Quem usa aparelhos auditivos sabe que o item de primeira necessidade nesse relacionamento com eles são as pilhas! Sem elas, os aparelhos não funcionam. Durante os muitos anos em que usei aparelhos, acabei criando a estratégia de espalhar cartelas de pilhas pelos mais diferentes locais: na bolsa, na carteira, nos bolsos dos casacos, no porta-luvas do carro, na mochila da academia, na mesinha de cabeceira, na gaveta do banheiro…

Embora hoje em dia já existam aparelhos que funcionam com baterias recarregáveis, como consumidora não me sinto convencida sobre esse tipo de produto. Não gosto da sensação de ser 100% dependente de uma tomada, de não poder abrir um compartimento de pilhas e trocá-las sem me preocupar a hora que for e nem de ser obrigada a pôr aparelhos para carregar a noite toda caso contrário eles não funcionarão no outro dia – e quem precisa dormir de aparelho, como faz?

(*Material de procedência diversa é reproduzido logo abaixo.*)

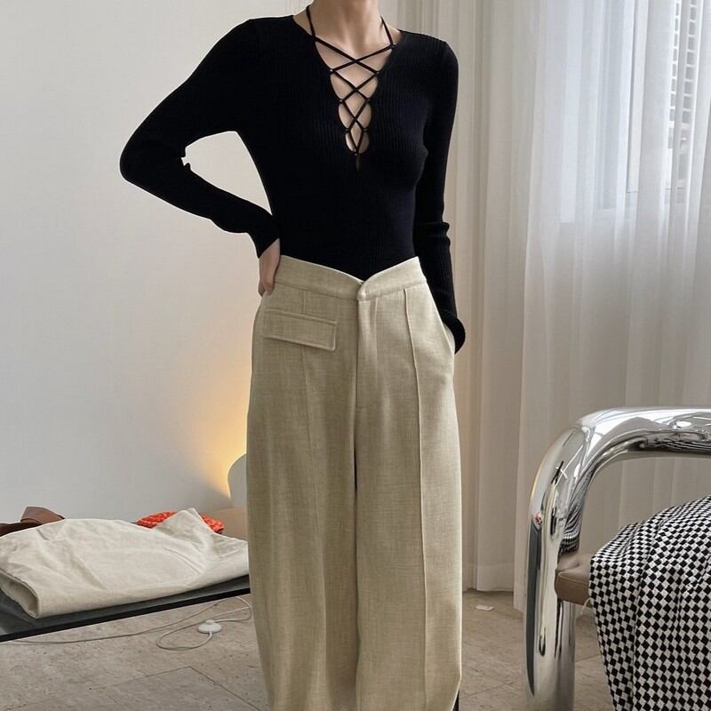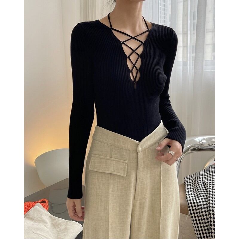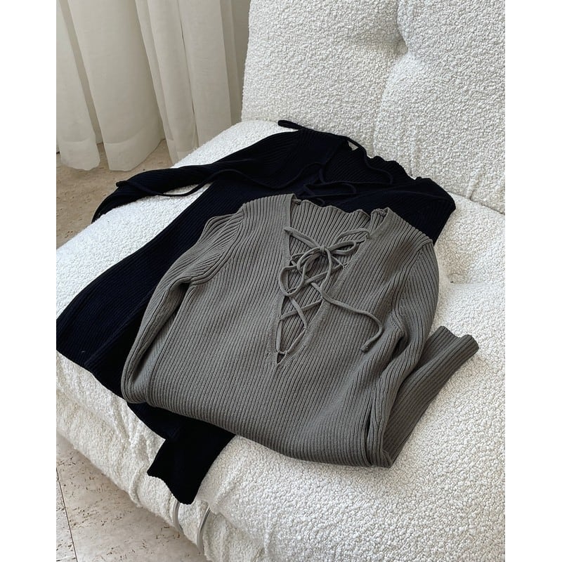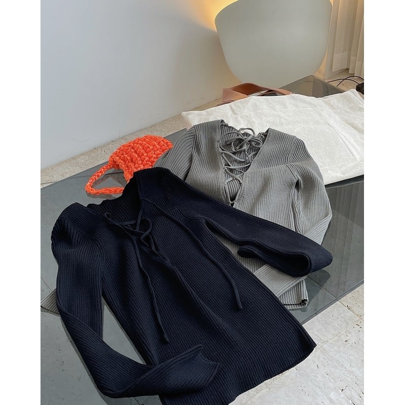 ▶︎胸元からデコルテを綺麗に見せてくれるレースアップのデザイン。ボリュームのあるボトムスでメリハリをつけたコーデがおすすめ。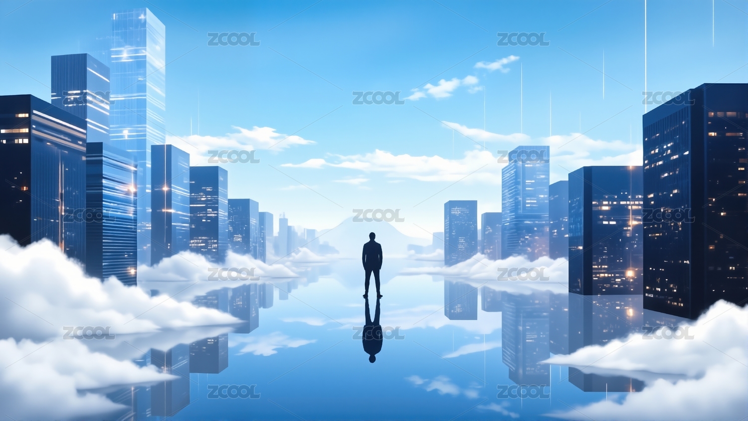 城市,高楼,天空,云朵,倒影,街道,蓝色,未来,建筑,人物

Pilhas são sinônimo de praticidade e de cabeça descansada. Hoje, uso implante coclear. Quando viajo, nem me passa pela cabeça levar comigo toda a parafernália de carregador de baterias, fios, baterias, etc. Simplesmente ponho o compartimento de pilhas e esqueço do assunto, tomando apenas o cuidado de levar comigo muitas cartelas de pilhas na bolsa!

E quando acaba?

Quando minha avó veio ao Rio de Janeiro para conhecer o bisneto, num sábado à tardinha me olhou com uma cara de apavorada e disse: “Ai não! Esqueci de trazer mais pilhas e já ouvi o ‘pipipi’ de aviso do meu aparelho que a minha vai acabar!”. Acostumada que sou a resolver os problemas de todo mundo no que diz respeito a AASI’s e IC’s, fiquei com as calças na mão. Encontrar pilha para aparelho auditivo numa cidade grande ou pequena num sábado à noite em algum local de fácil acesso? Chama o Tom Cruise, porque é missão impossível…

Quando meu sogro veio ao Rio conhecer o neto, assim que ele chegou lá em casa a pilha do seu aparelho auditivo acabou, e ele também esqueceu de trazer extras. Isso foi num domingo pela manhã, e na hora só conseguia pensar: “Onde é que eu encontraria pilhas auditivas em pleno domingo? Sem chance…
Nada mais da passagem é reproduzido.